Generally, within a species, the number of segments found is consistent across specimens, and individuals are born with the number of segments they will have throughout their lives. The first body segment (segment number 1) features both the earthworm's mouth and, overhanging the mouth, a fleshy lobe called the prostomium, which seals the entrance when the worm is at rest, but is also used to feel and chemically sense the worm's surroundings. Some species of earthworm can even use the prehensile prostomium to grab and drag items such as grasses and leaves into their burrow.

An adult earthworm develops a belt-shaped glandular swelling, called the clitellum, which covers several segments toward the front part of the animal. This is part of the reproductive system and produces egg capsules. The posterior is most commonly cylindrical like the rest of the body, but depending on the species, it may also be quadrangular, octagonal, trapezoidal, or flattened. The last segment is called the periproct; the earthworm's anus, a short vertical slit, is found on this segment.

The exterior of an individual segment is a thin cuticle over the skin, commonly pigmented red to brown, which has specialized cells that secrete mucus over the cuticle to keep the body moist and ease movement through the soil.
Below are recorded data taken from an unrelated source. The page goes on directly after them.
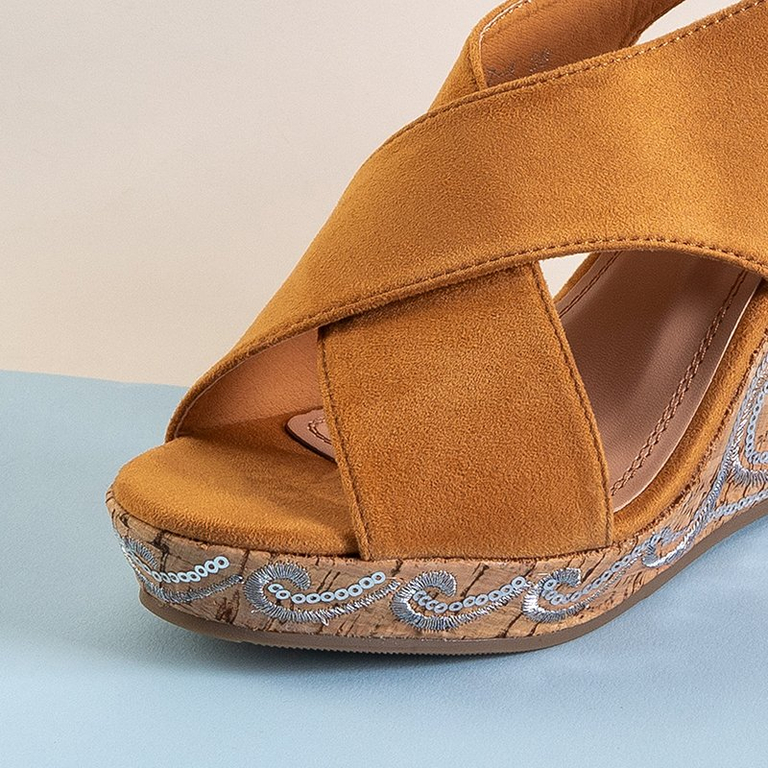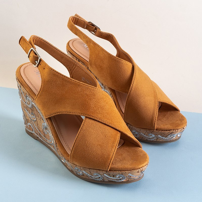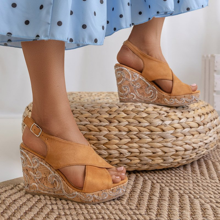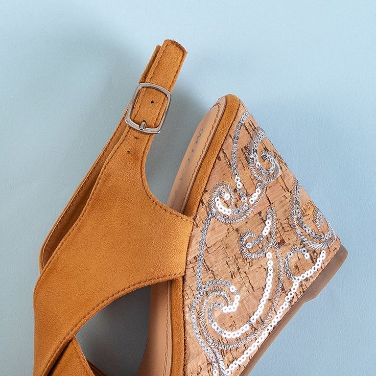 Светло-коричневые женские босоножки на танкетке с блестками Terisa
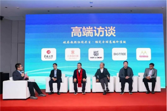 在高端訪(fǎng)談環(huán)節(jié),主持人張子昕與吉林化纖集團(tuán)副總經(jīng)理、吉林化纖股份公司總經(jīng)理金東杰,MEHER CREATIONS總經(jīng)理Mr.Sumit Agrawal,杭州萬(wàn)事利總經(jīng)理馬廷方,錦祥紡織科技(蘇州)總經(jīng)理陳志軒,浙江大樹(shù)紡織總經(jīng)理邵靈彬等,圍繞“破局瓶頸協(xié)同共生·錨定全球高端價(jià)值鏈”議題,就人造絲核心優(yōu)勢(shì)、品質(zhì)影響、綠色化、功能化、產(chǎn)業(yè)鏈協(xié)作、“十五五”發(fā)展方向等展開(kāi)探討。
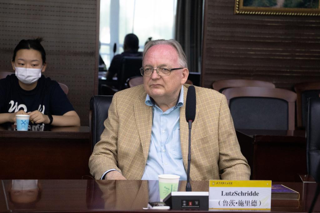王志刚代表学校师生用“三个感谢”、“三个敬意”、“三个希望”向Lutz Schridde(鲁茨•施里德)先生表达了衷心感谢和崇高敬意,对先生为LETOU官网建设与发展做出的贡献予以高度肯定,尤其感谢先生在教育教学、人才培养、科学研究、师资队伍建设、社会服务、国际教育及文化交流等方面做出的突出贡献。同时,对先生深厚的教育情怀、扎实的专业基础、精湛的教学艺术、灵活的教学方法、关心学生的仁爱之心,为增进中德友谊、促进中德文化交流身体力行的国际主义精神,表示崇高的敬意,表达了大家对先生的不舍和挽留;他希望先生回国后能继续关心和支持学校的建设与发展,继续关心和支持语言文化传播学院的建设与发展,在中德文化交流、合作办学等领域继续促成更多合作。

Under the skin is a layer of nerve tissue, and two layers of muscles—a thin outer layer of circular muscle, and a much thicker inner layer of longitudinal muscle. Interior to the muscle layer is a fluid-filled chamber called a coelom that by its pressurization provides structure to the worm's boneless body. The segments are separated from each other by septa (the plural of "septum") which are perforated transverse walls, allowing the coelomic fluid to pass between segments. A pair of structures called nephrostomes are located at the back of each septum; a nephric tubule leads from each nephrostome through the septum and into the following segment. This tubule then leads to the main body fluid filtering organ, the nephridium or metanephridium, which removes metabolic waste from the coelomic fluid and expels it through pores called nephridiopores on the worm's sides; usually, two nephridia (sometimes more) are found in most segments. At the centre of a worm is the digestive tract, which runs straight through from mouth to anus without coiling, and is flanked above and below by blood vessels (the dorsal blood vessel and the ventral blood vessel as well as a subneural blood vessel) and the ventral nerve cord, and is surrounded in each segment by a pair of pallial blood vessels that connect the dorsal to the subneural blood vessels.
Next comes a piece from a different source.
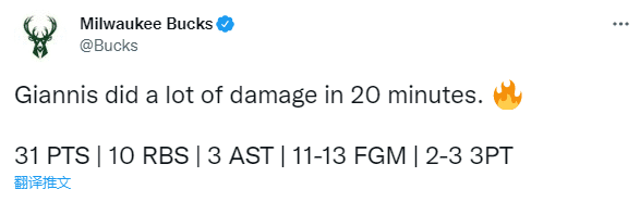 在国际赛场上,字母哥降维打击变身大杀器,20分钟31+10无人可挡,雄鹿官方夸赞字母哥,晒赛场照并且配文写道:扬尼斯在20分钟内造成了很大的伤害。
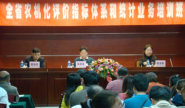 为贯彻落实全面农业机械化水平评价指标体系试行启动部署会议的精神,广东省农业厅农机化管理办公室近日在广州举办全省农机化评价指标体系和统计业务培训班,来自全省各市 、县(区)的150多名农机统计人员参加了培训。省农业厅农机化办郑宏宣主任在开班仪式上作讲话,黎映驰副主任全程参加培训活动。

Many earthworms can eject coelomic fluid through pores in the back in response to stress; the Australian Didymogaster sylvaticus (known as the "blue squirter earthworm") can squirt fluid as high as .

Nervous system

Central nervous system 
The CNS consists of a bilobed brain (cerebral ganglia, or supra-pharyngeal ganglion), sub-pharyngeal ganglia, circum-pharyngeal connectives and a ventral nerve cord.

Earthworms' brains consist of a pair of pear-shaped cerebral ganglia. These are located in the dorsal side of the alimentary canal in the third segment, in a groove between the buccal cavity and pharynx.

A pair of circum-pharyngeal connectives from the brain encircle the pharynx and then connect with a pair of sub-pharyngeal ganglia located below the pharynx in the fourth segment. This arrangement means the brain, sub-pharyngeal ganglia and the circum-pharyngeal connectives form a nerve ring around the pharynx.

The ventral nerve cord (formed by nerve cells and nerve fibers) begins at the sub-pharyngeal ganglia and extends below the alimentary canal to the most posterior body segment. The ventral nerve cord has a swelling, or ganglion, in each segment, i.e. a segmental ganglion, which occurs from the fifth to the last segment of the body. There are also three giant axons, one medial giant axon (MGA) and two lateral giant axons (LGAs) on the mid-dorsal side of the ventral nerve cord. The MGA is 0.07 mm in diameter and transmits in an anterior-posterior direction at a rate of 32.2 m/s. The LGAs are slightly narrower at 0.05 mm in diameter and transmit in a posterior-anterior direction at 12.6 m/s. The two LGAs are connected at regular intervals along the body and are therefore considered one giant axon.

Peripheral nervous system 
Eight to ten nerves arise from the cerebral ganglia to supply the prostomium, buccal chamber and pharynx.
Three pairs of nerves arise from the subpharyangeal ganglia to supply the second, third and fourth segment.
Three pairs of nerves extend from each segmental ganglion to supply various structures of the segment.

The sympathetic nervous system consists of nerve plexuses in the epidermis and alimentary canal. (A plexus is a web of connected nerve cells.) The nerves that run along the body wall pass between the outer circular and inner longitudinal muscle layers of the wall. They give off branches that form the intermuscular plexus and the subepidermal plexus. These nerves connect with the cricopharyngeal connective.

Movement 
 
On the surface, crawling speed varies both within and among individuals. Earthworms crawl faster primarily by taking longer "strides" and a greater frequency of strides. Larger Lumbricus terrestris worms crawl at a greater absolute speed than smaller worms. They achieve this by taking slightly longer strides but with slightly lower stride frequencies.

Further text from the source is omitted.